**Given information:**
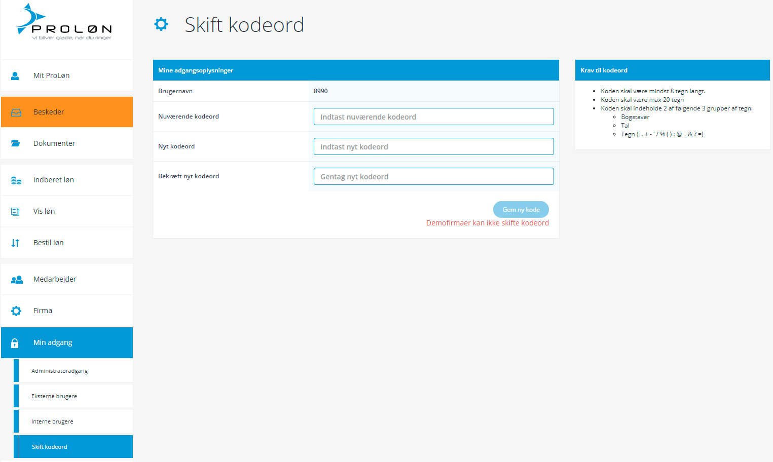 Man har her mulighed for at skifte kodeord. Koden skal være mindst 8 tegn langt. Koden må max være 20 tegn og den skal indeholde 2 af følgende 3 grupper af tegn:
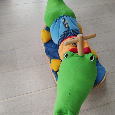 En“Gyngehest” der er en skildpadde som både kan gynge og man kan nemt tage mederne af og wupti så har man en gå”vogn”. Gedigen udførelse i træ.
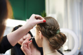 Zdjęcie "Panna młoda szykuje się do ślubu. Profesjonalny fryzjer robi coiffure dla klientki, stosując lakier do włosów przed dużym lustrem. Proces pracy w studiu kosmetycznym. Zbliżenie zdjęcie fryzury galowej." może być wykorzystywane do celów osobistych i komercyjnych zgodnie z warunkami zakupionej licencji Royalty-free. Obraz jest dostępny do pobrania w jakości wysokiej rozdzielczości do 5760x3840.

**Your assignment:**
The copy must match every line of the data exactly and contain no pictures.

**Written solution:**
 Man har her mulighed for at skifte kodeord. Koden skal være mindst 8 tegn langt. Koden må max være 20 tegn og den skal indeholde 2 af følgende 3 grupper af tegn:
 En“Gyngehest” der er en skildpadde som både kan gynge og man kan nemt tage mederne af og wupti så har man en gå”vogn”. Gedigen udførelse i træ.
 Zdjęcie "Panna młoda szykuje się do ślubu. Profesjonalny fryzjer robi coiffure dla klientki, stosując lakier do włosów przed dużym lustrem. Proces pracy w studiu kosmetycznym. Zbliżenie zdjęcie fryzury galowej." może być wykorzystywane do celów osobistych i komercyjnych zgodnie z warunkami zakupionej licencji Royalty-free. Obraz jest dostępny do pobrania w jakości wysokiej rozdzielczości do 5760x3840.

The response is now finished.